I'd kind of assumed the iSlate and the MS Courier would make little difference, as they'd be 'premium' offerings with wireless subscriptions. On that level there'd never be enough of them to make much difference to distributing, sharing and playing tabletop games.

It's the Google plans, and a raft of others like Sony and Toshiba sitting in the wings, which maybe change the picture. A $300 tablet plugged into a household internet connection/ or 'pay as you go' is a 'shoe in' for parents equipping kids for school. Most of what players might want to do with tablets could then be done without on-going costs.

There's no need for full wireless to then carry around, distribute or share documents in a room.
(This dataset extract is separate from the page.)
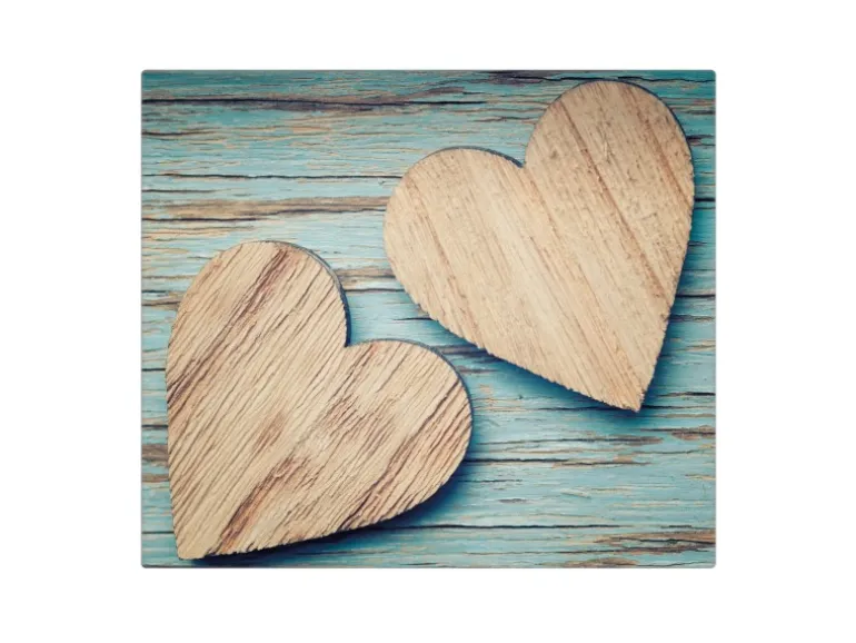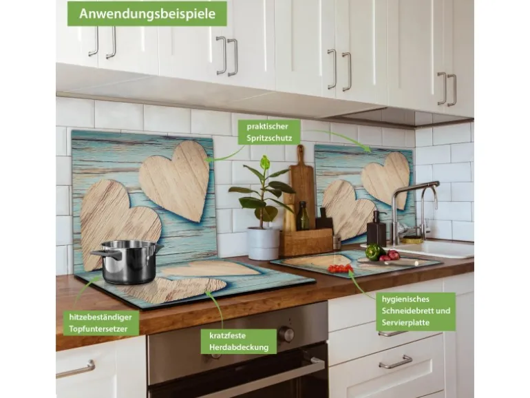 Banjado Herdabdeckplatte Glas 1 Teilig 60x52CM Schneidebrett Herdabdeckung Mit Motiv Holz Herzen

Bluetooth 2 isn't the best solution in the world but it'd give everyone wireless access as a GM distributes floorplans and documents, players pass messages and tablets around, and the rules are at everyone's fingertips.
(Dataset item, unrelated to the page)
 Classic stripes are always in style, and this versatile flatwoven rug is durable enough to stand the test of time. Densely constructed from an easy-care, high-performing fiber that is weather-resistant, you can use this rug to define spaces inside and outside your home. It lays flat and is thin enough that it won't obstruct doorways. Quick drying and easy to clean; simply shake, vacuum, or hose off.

Much as I love them, I can see hardbacks having a real problem competing with that even before more interactivity in pdfs and html versions of tabletop RPGs adds more features.
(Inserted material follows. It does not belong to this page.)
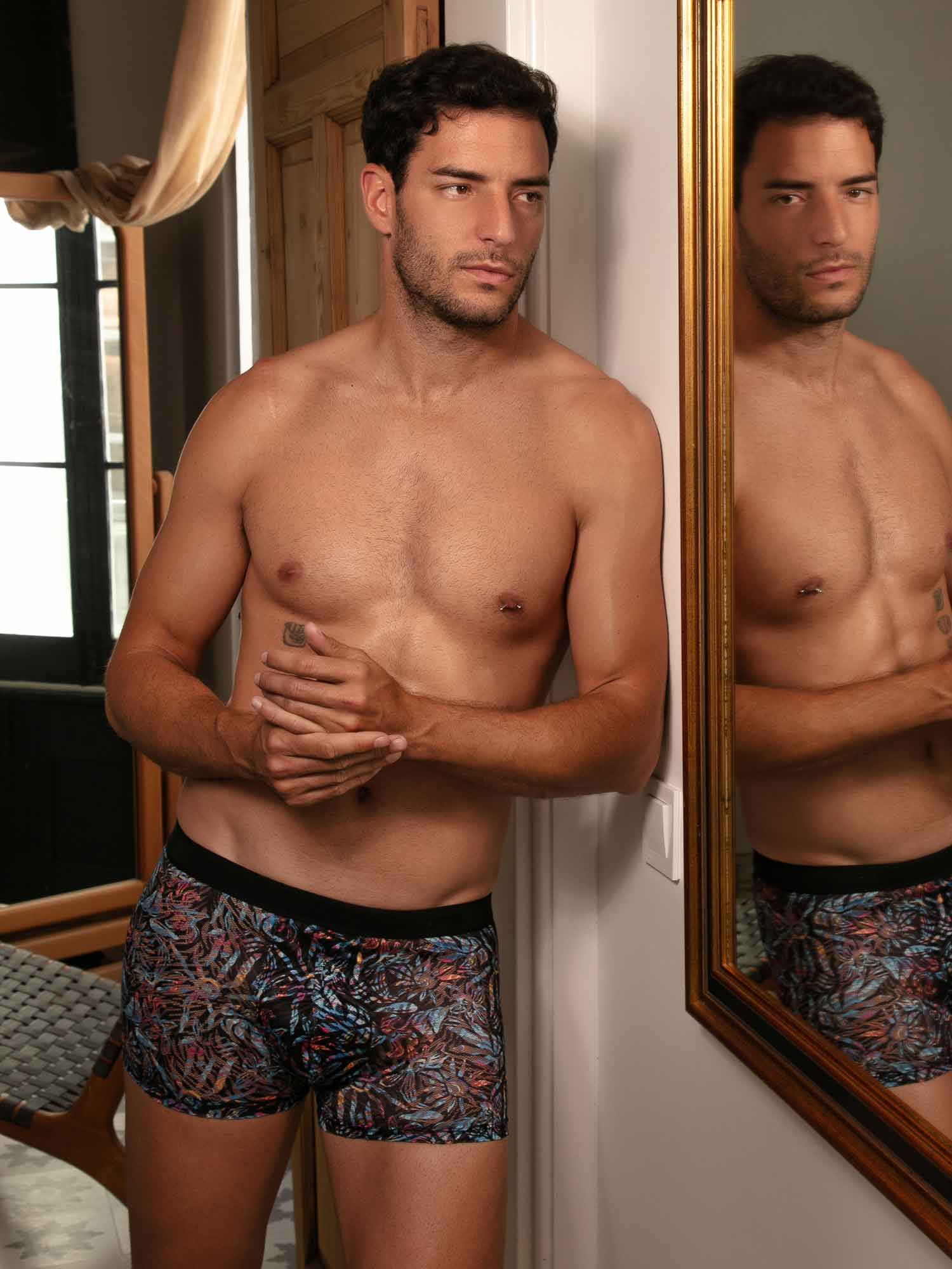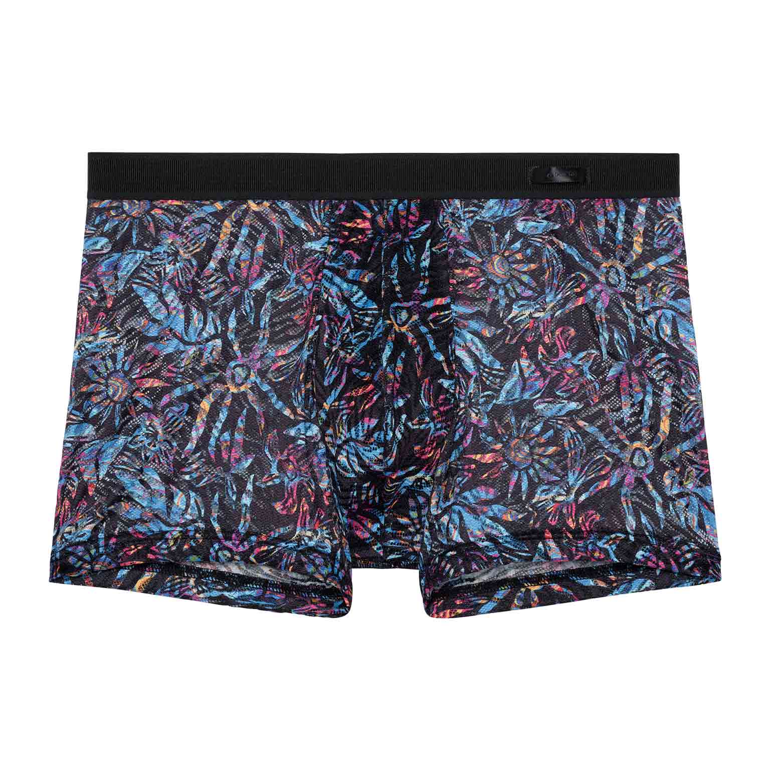 The HOM Biscayne boxer briefs bring tropical heat to the Temptation collection, crafted in refined lace that feels light, soft and irresistibly sensual on the skin. The black base comes alive with vivid, exotic florals and sun-inspired motifs, creating a striking contrast that radiates colour while remaining undeniably classy. Thoughtful details make all the difference, an inside front elastic shapes the fit and keeps everything perfectly in place, while an elasticated insert at the leg hem helps prevent riding up for confident comfort all day or night. This is more than underwear, it’s a statement of bold style with an elegant finish.

On the one hand this seems like a great leveller, as Indie publishers will be able to offer interactive pdfs, etc . . . which don't need to be printed or viewed on a chunky laptop to be useful.

On the other hand, it maybe means that tabletop RPGs are going to become desktop RPGs that are more like the AD&D MS Surface Demo that appeared last year. Which looked a bit too mechanistic for my tastes. i.e. the tablet was running the game, rather than the game/ players running the tablet.

. . . ?
 

BTW I wonder if the potential uses for tablet PC and eBooks for education have yet been fully realized.

Many Federal States in Germany provide pupils with education material in form of books and in higher classes even graphical calculators and stuff like that. But only a subset of each books content is actually used during a school year and even over the entire school "career". Having eReaders for the pupils with all education materials in digital form could be awesome! Especially since it also means that the pupils don't have to wear heavy satchels for all their books. (And boy, there were and are big and heavy books!) [/tangent]
 

With more eReaders, there will also be more methods devised to include DRM that makes piracy harder. If it's not WotC that has to come up with their DRM system, it makes things a lot easier for them, too.


DRM has been soundly rejected by gamers. WotC re-entering the pdf/ebook arena only to embrace DRM would likely be a waste of their efforts.
 

With more eReaders, there will also be more methods devised to include DRM that makes piracy harder.